I did it with everything in my car, so yours should be a breeze. Loosen up all body mounts, don't forget the core support. Put a floor jack under one side of the body with a 2x6 to spread the weight as not to damage the floor panels. Jack up the body enough to slip out the old and replace with a new bushing. Take one bolt and bushing out at a time and replace with the new hardware b/4 moving to the next. Just get the new bolt started by hand. Don't tighten them down until all the new hardware is in on both sides. Do one side at a time. Once you finsih one side, the second side will go twice as fast. It's really pretty easy and not near as hard as you may have been told...


----------



## 369GTO (Mar 23, 2010)

*body mounts*

Thanks so much for the quick reply. Pardon me but explain "core support" reference? Also, could I take that one step further and raise the car on the 2 x 6's up abit and support with the wood so I could give the frame a clean up and quick epoxy painting?


----------



## chevyboy91188 (Oct 31, 2009)

I don't see why you couldnt, my car is only held up with some 2x6's and and some 4x4's check out my cradle you'll see that it doesn't take too much to hold the car up, just make sure it is stable and support probably put a support (not fully weight bearing) under the core support so nothing up there bends you should be fine


----------



## 369GTO (Mar 23, 2010)

*body mounts*

Thanks man I checked out your pics and they were a big help. What is the core support? Forgive my ignorance!


----------



## Too Many Projects (Nov 15, 2008)

The core support is what the radiator bolts to and the fenders, battery tray, etc. If the WHOLE front clip is off, the support is probably already off the frame.
If you had 2 4X4's a couple feet longer than the body is wide, you could put them on jack stands and roll the chassis out from under the body to facilitate cleaning and painting. You may need to remove the rear tires and hold the drums on with a couple nuts and let it roll on the drums to get enough clearance.


----------



## 369GTO (Mar 23, 2010)

*core*

Thats what I thought..The front clip is off so the radiator support is off as is the entire nose. Would you just recommend three braces on the body front middle and rear? I should have also said its a convertible????? Doors are on.


----------



## Too Many Projects (Nov 15, 2008)

369GTO said:


> Thats what I thought..The front clip is off so the radiator support is off as is the entire nose. Would you just recommend three braces on the body front middle and rear? I should have also said its a convertible????? Doors are on.

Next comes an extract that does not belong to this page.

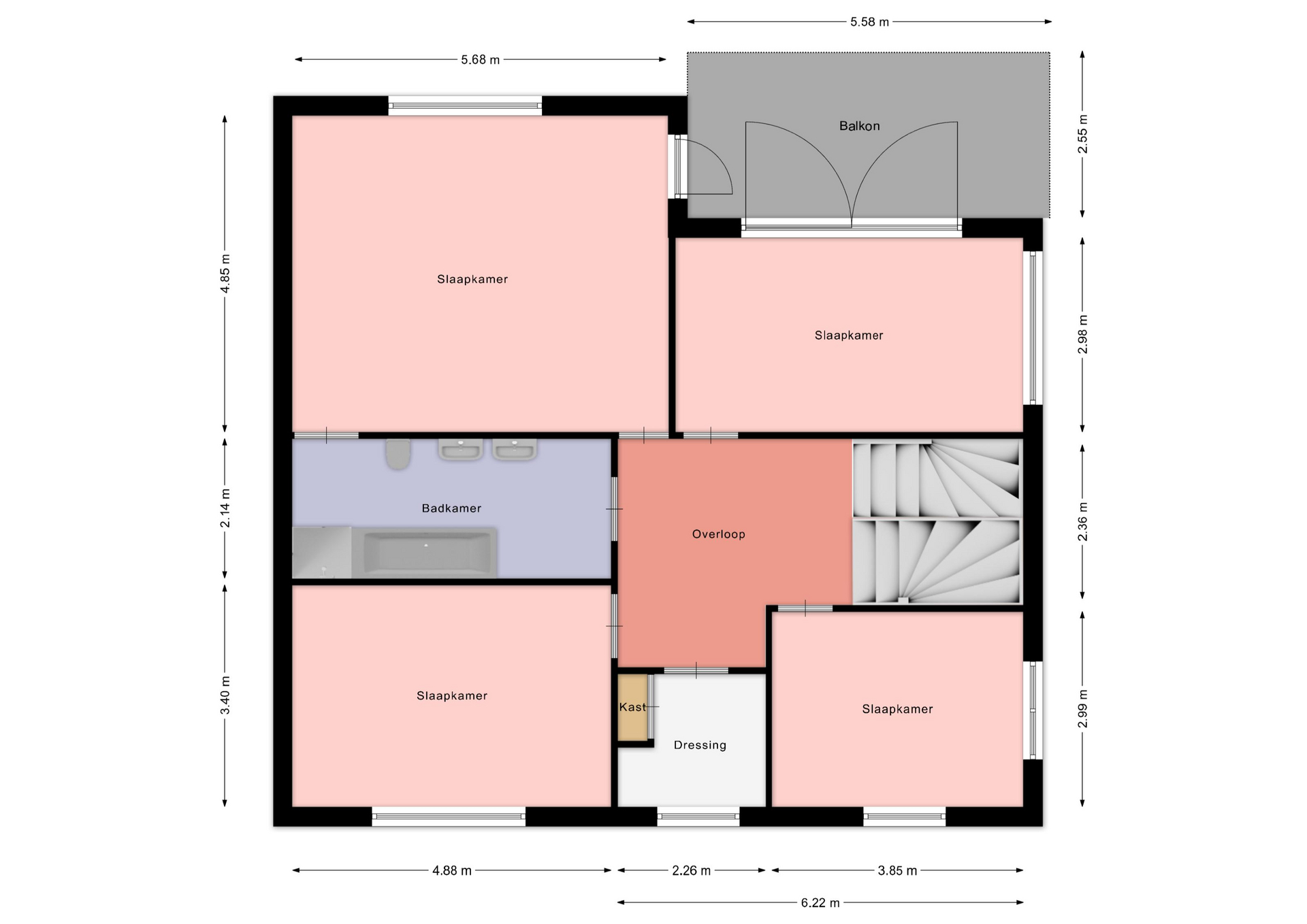 De slaapkamer van ca. 17 m² aan de achterzijde biedt middels openslaande deuren toegang tot een ruim balkon van ca. 14 m². Ook de grootste slaapkamer heeft toegang tot dit balkon. De badkamer (ca. 10 m²) is zowel vanuit de grootste slaapkamer als vanaf de overloop bereikbaar en is voorzien van een douche, ligbad, toilet en dubbele wastafel.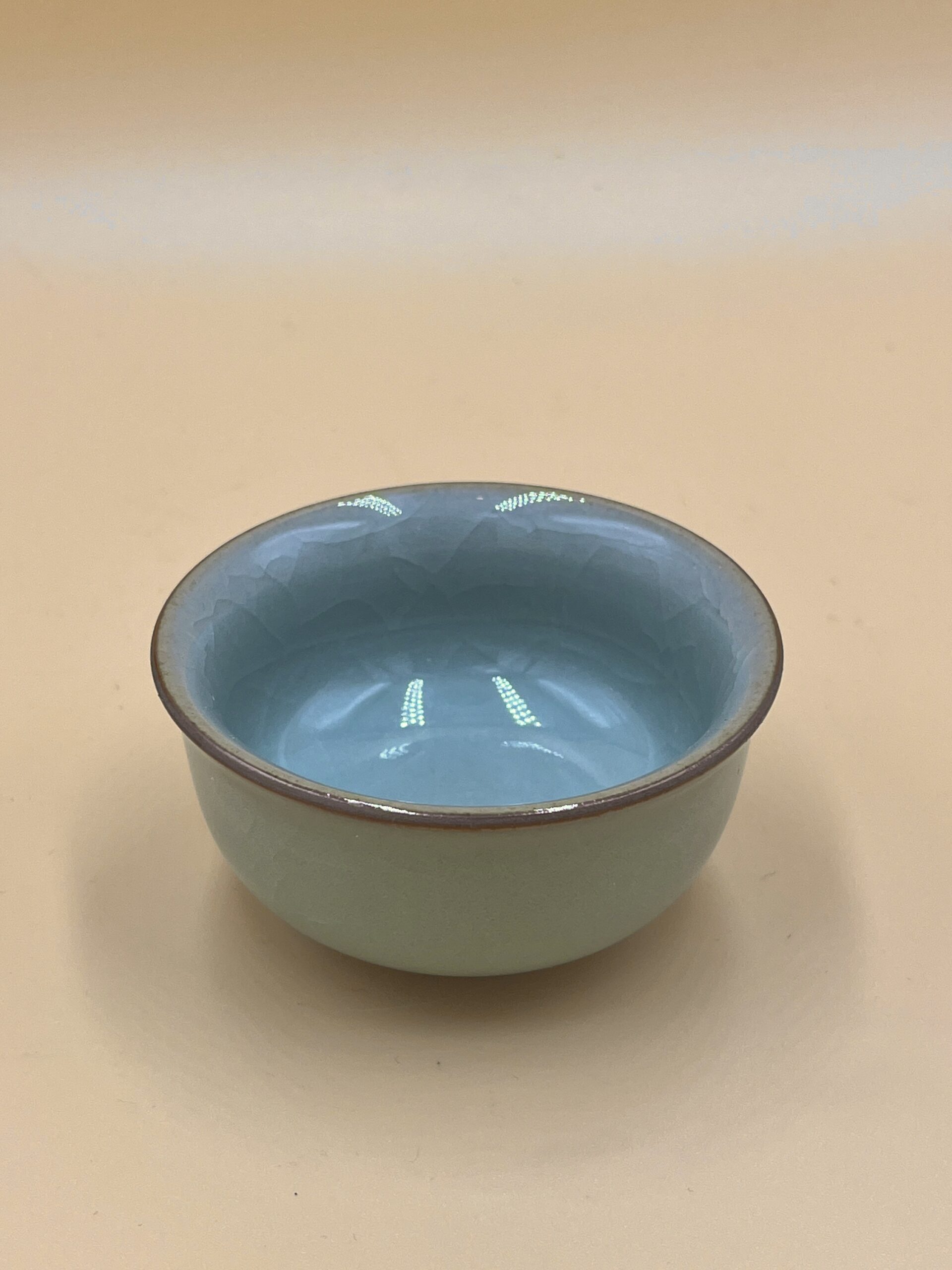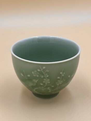 Зеленая пиала со средней толщиной стенки. Вес 115 гр., объем 220 мл., рабочий объем 200 мл. Градиент от тёмно-зеленого до светлого, имеет голубой оттенок.

See my previous reply, I added more content. 2 should be good.


----------



## 369GTO (Mar 23, 2010)

*body mounts*

Thank you for the advice!


----------



## 05GTO (Oct 6, 2004)

Also, be careful when removing the bolts, if they are hard to remove use a lubricant like wd-40 or liquid wrench. The nuts are mounted inside the body supports and if they break loose you'll have to cut the bolt, remove the brace, fix the nut and re-weld the brace back onto the body. 

Post some pictures if you can,


----------



## 68greengoat (Sep 15, 2005)

369GTO said:


> Thanks so much for the quick reply. Pardon me but explain "core support" reference? Also, could I take that one step further and raise the car on the 2 x 6's up abit and support with the wood so I could give the frame a clean up and quick epoxy painting?


Looks Like you've been given a bunch of sound advice. By all means, now is the time to cleanup the frame. Just follow Too Many Projects process and you'll be good to go.... As mentioned, post up some pics..........


----------